DIRECTIONS FOR THIS TASK:
Every line from the opening of the records to the line with "As a steward" should be restated exactly, with both ends included and the pictures left out.

Items listed in a dataset:

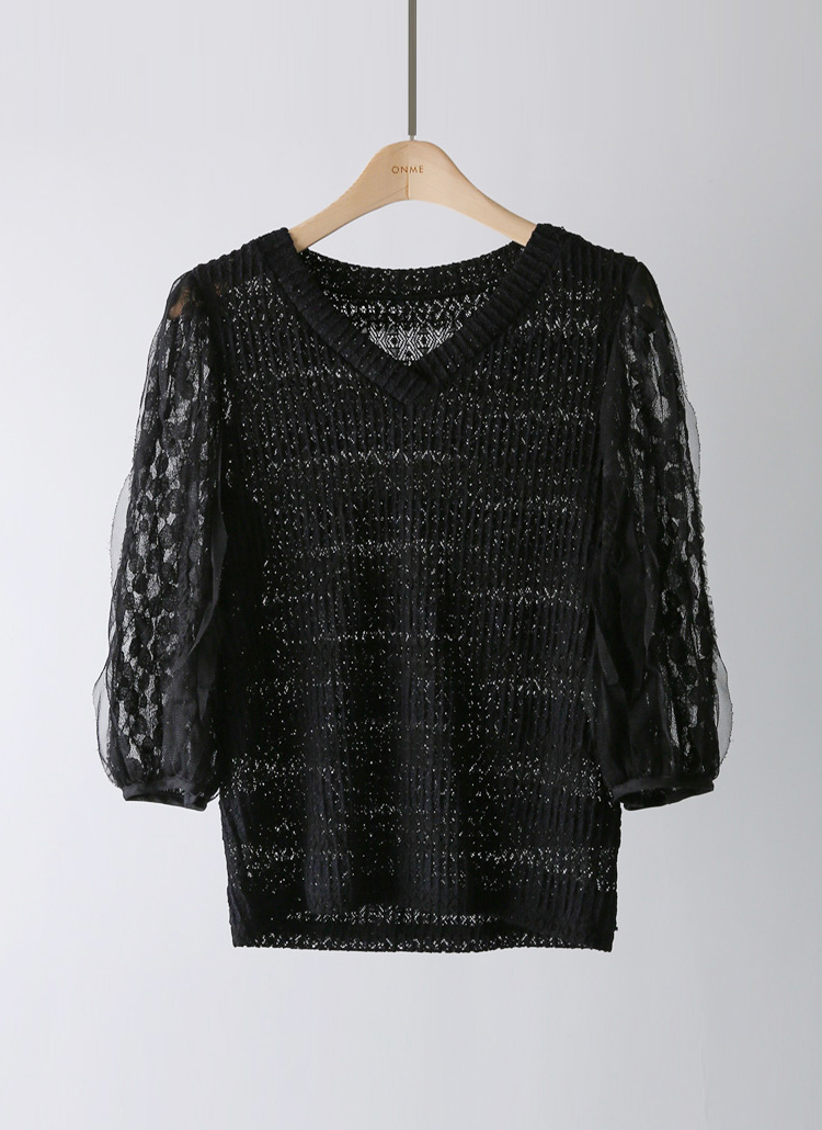 소매 부분은 시스루 디자인으로 여린 어깨라인을 강조해주어
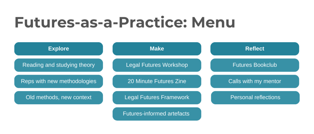 As a steward of carrying over futures and design methodologies, a key concern is combining the best of both into a tailored process that will reflect the idiosyncrasies of the legal system with the intellectual space of the futures studies.
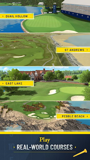 Play on iconic courses like Pebble Beach and St Andrews, which are unlocked as you progress; access them from the main menu's course selection.
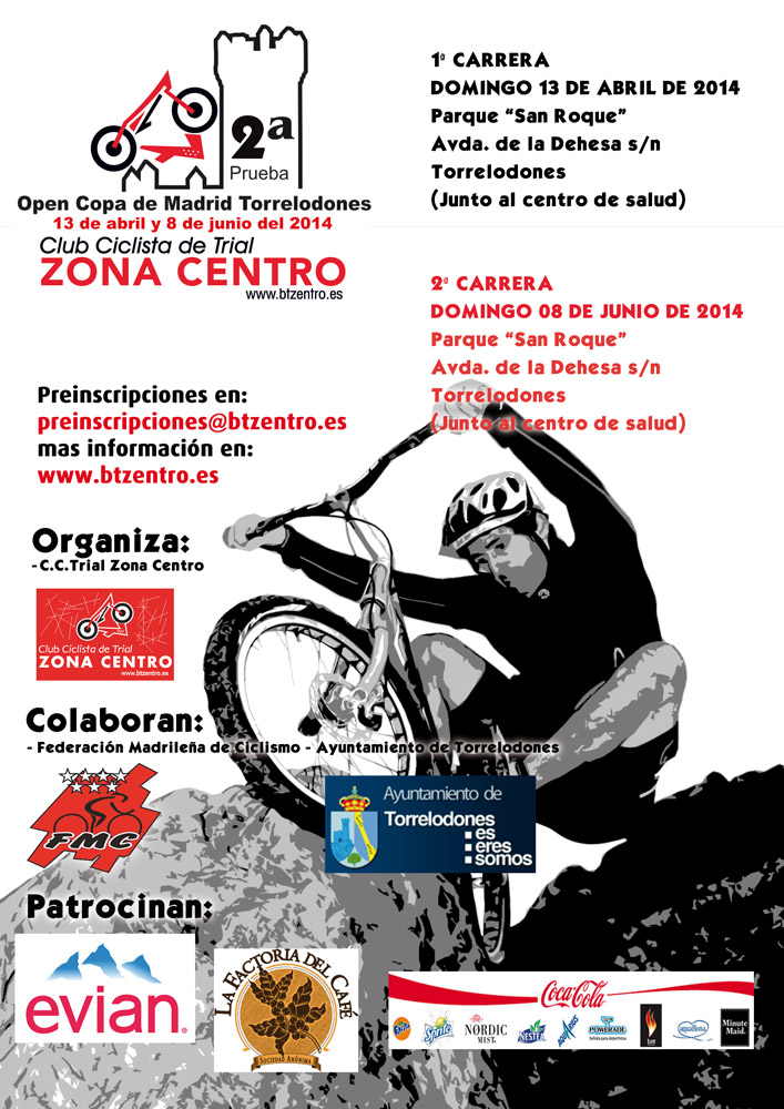 El trial del domingo tendrá lugar en el Parque San Roque (Avenido de la Dehesa s/n), junto al Centro de Salud en Torrelodones. La apertura de inscripciones se realizará a las 9h. Para inscribirse en dicha competición se podrá hacer hasta las 22:00h del sábado anterior a la carrera y se tendrá que realizar un ingreso de 10€ a este número de cuenta (IBAN 2100 0460 4602 00067427) además de mandar un email a preinscripciones@btzentro.es indicando el nombre y apellidos, número de licencia, Comunidad Autónoma y fecha nacimiento.
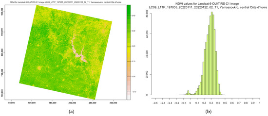 NDVI computed for multispectral Landsat-9 OLI/TIRS image. (a) NDVI ratio-based vegetation index. (b) Data distribution within the computed NDVI.
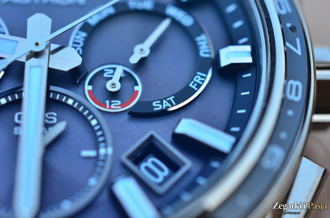 Tarcza na godzinie 3. to tarcza datownika ze wskazaniami dni tygodnia. I na niej jest jeszcze jedna, czwarta mała tarcza, która pokazuje tryb 24-godzinny, dzień i noc, co jest ważnym elementem w sytuacji zmieniania stref czasowych. Na godzinie 4:30 wkomponowano jeszcze okienko datownika, z trójwymiarową ramką, w którym odczytujemy dzień miesiąca wskazywany na czarnym tle.
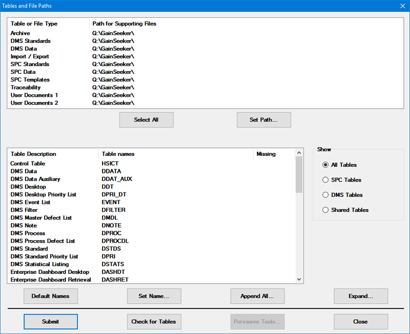 Click Check for Tables to verify that the tables and file paths exist and that the necessary files exist in the specified paths.
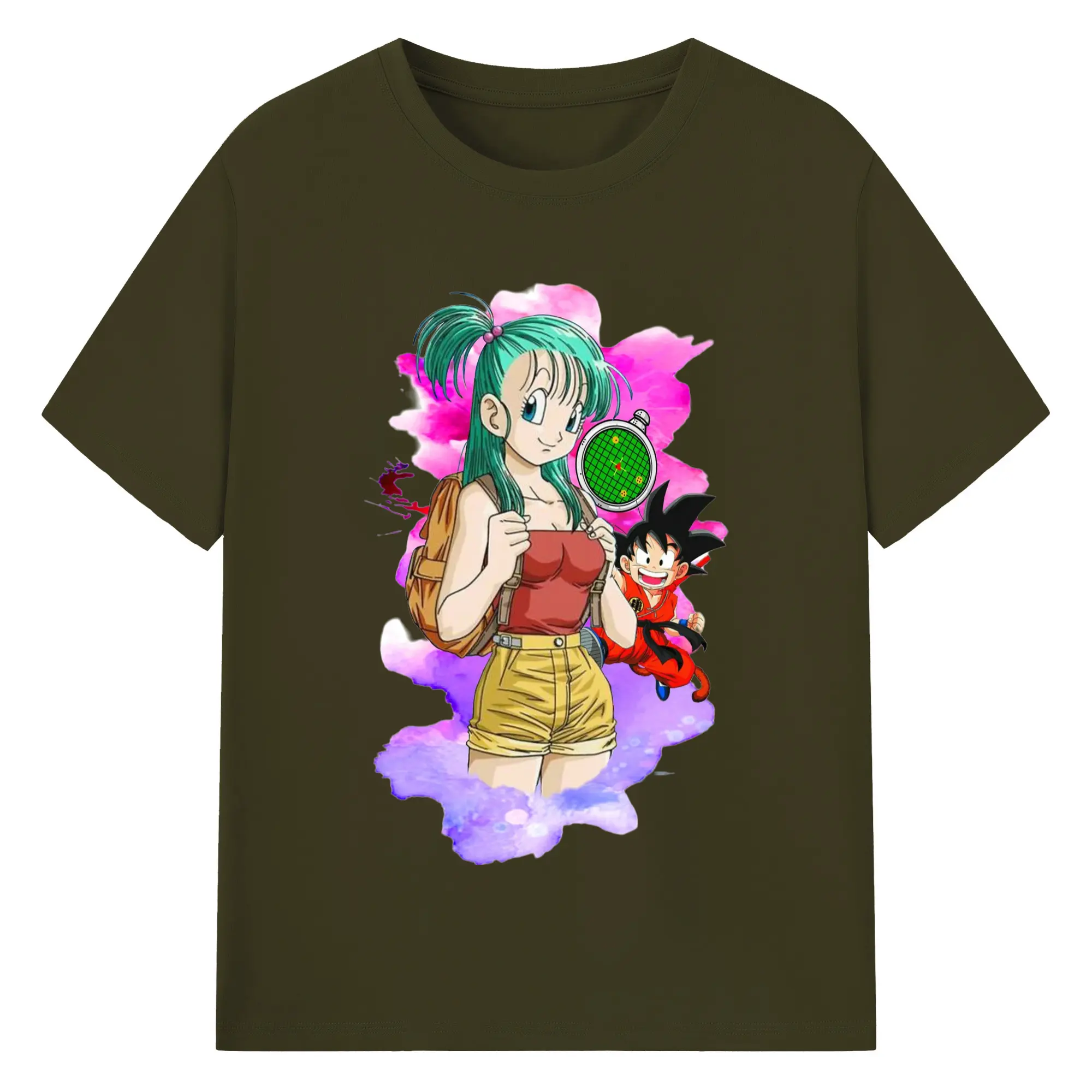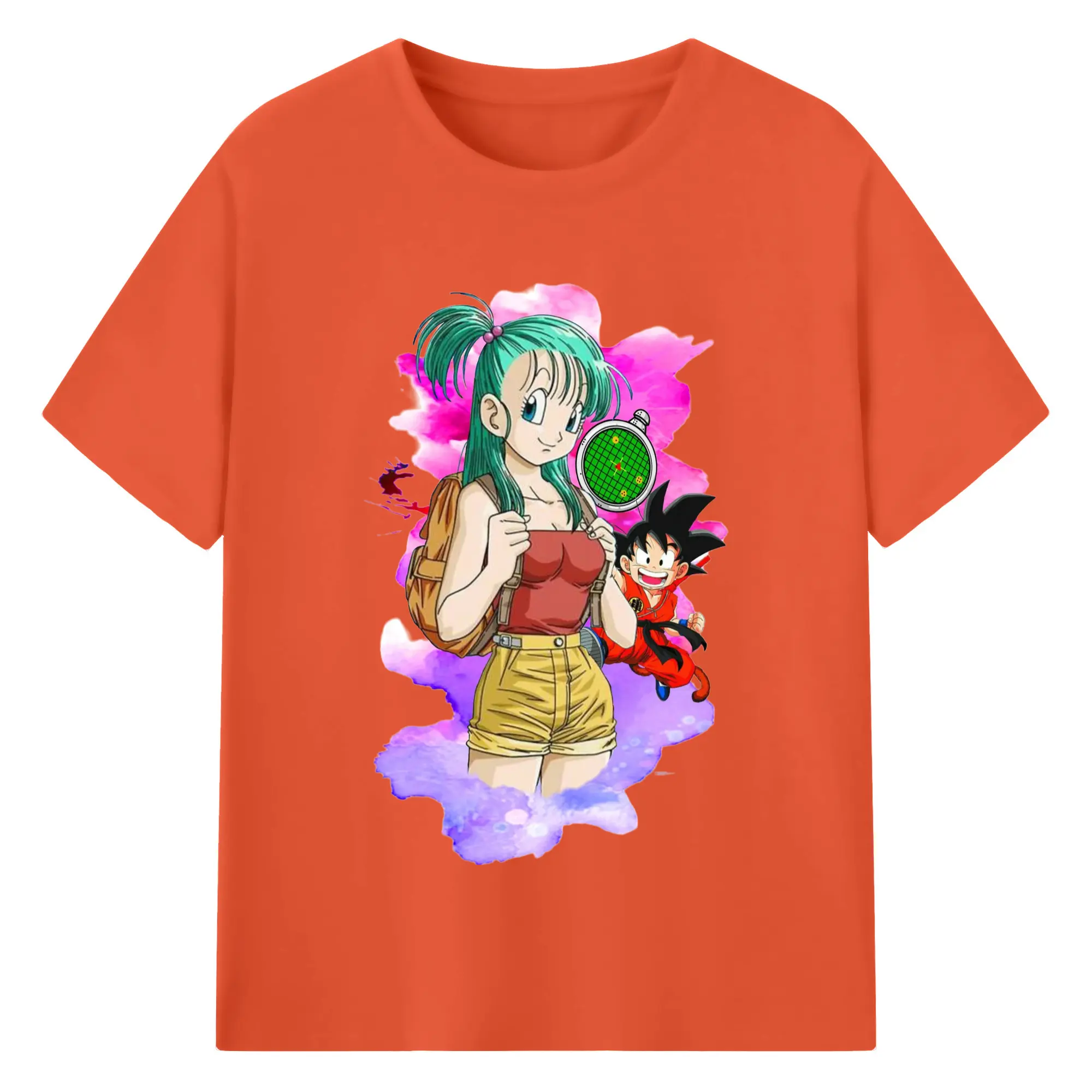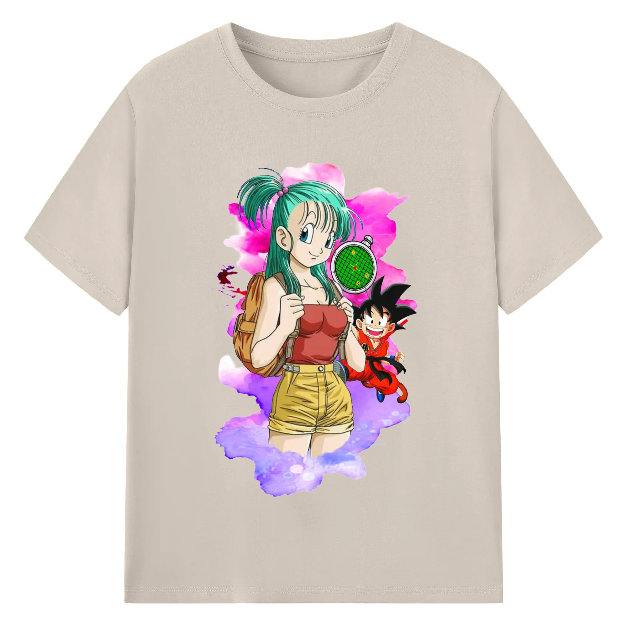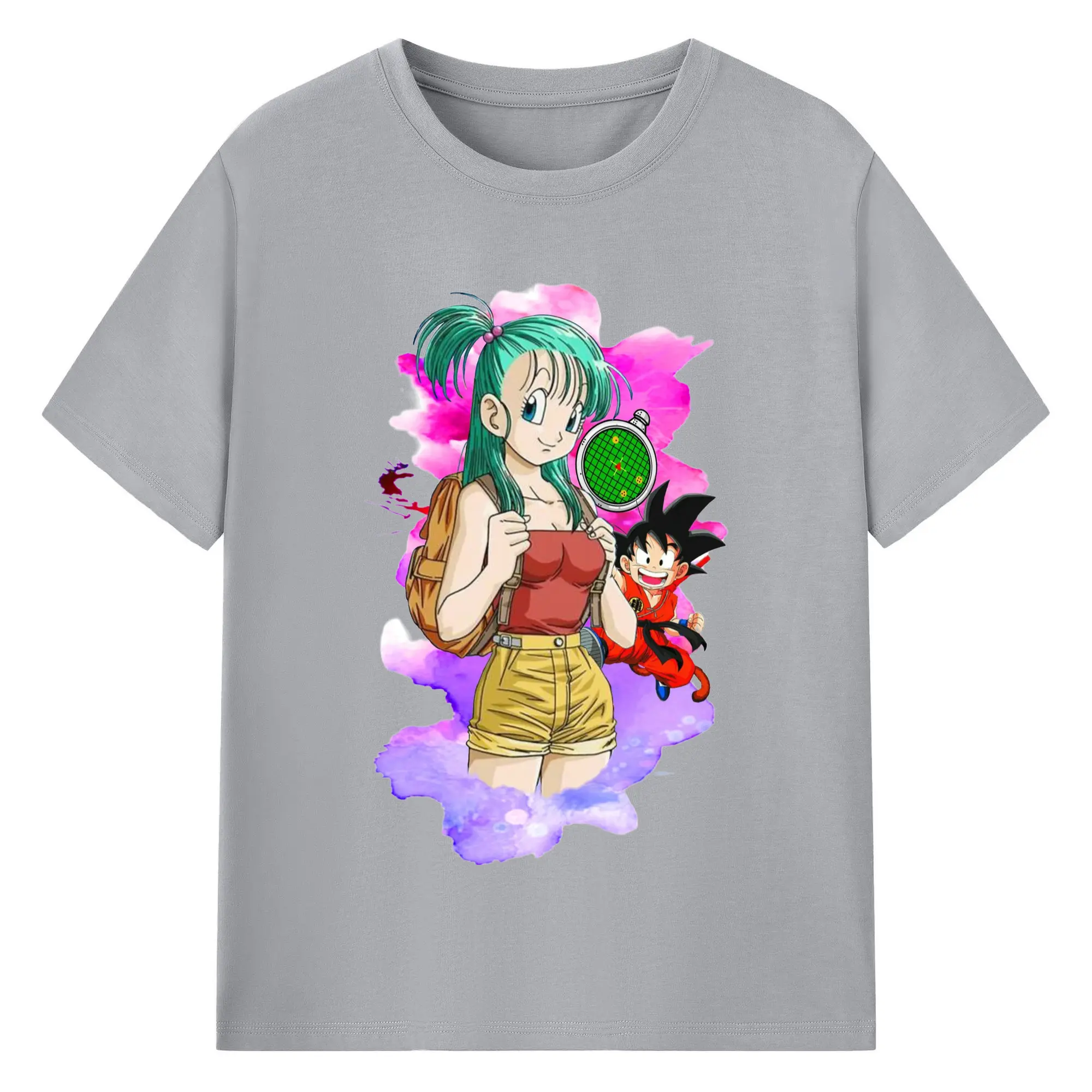 Dragon ball bulma cartoon graphic t-shirt - 180g Cotton T-Shirt With Front Heat Transfer Print – Soft, Lightweight, Fitted Design – Comfortable Casual Wear For Sports & Everyday Use

WRITTEN SOLUTION:
 소매 부분은 시스루 디자인으로 여린 어깨라인을 강조해주어
 As a steward of carrying over futures and design methodologies, a key concern is combining the best of both into a tailored process that will reflect the idiosyncrasies of the legal system with the intellectual space of the futures studies.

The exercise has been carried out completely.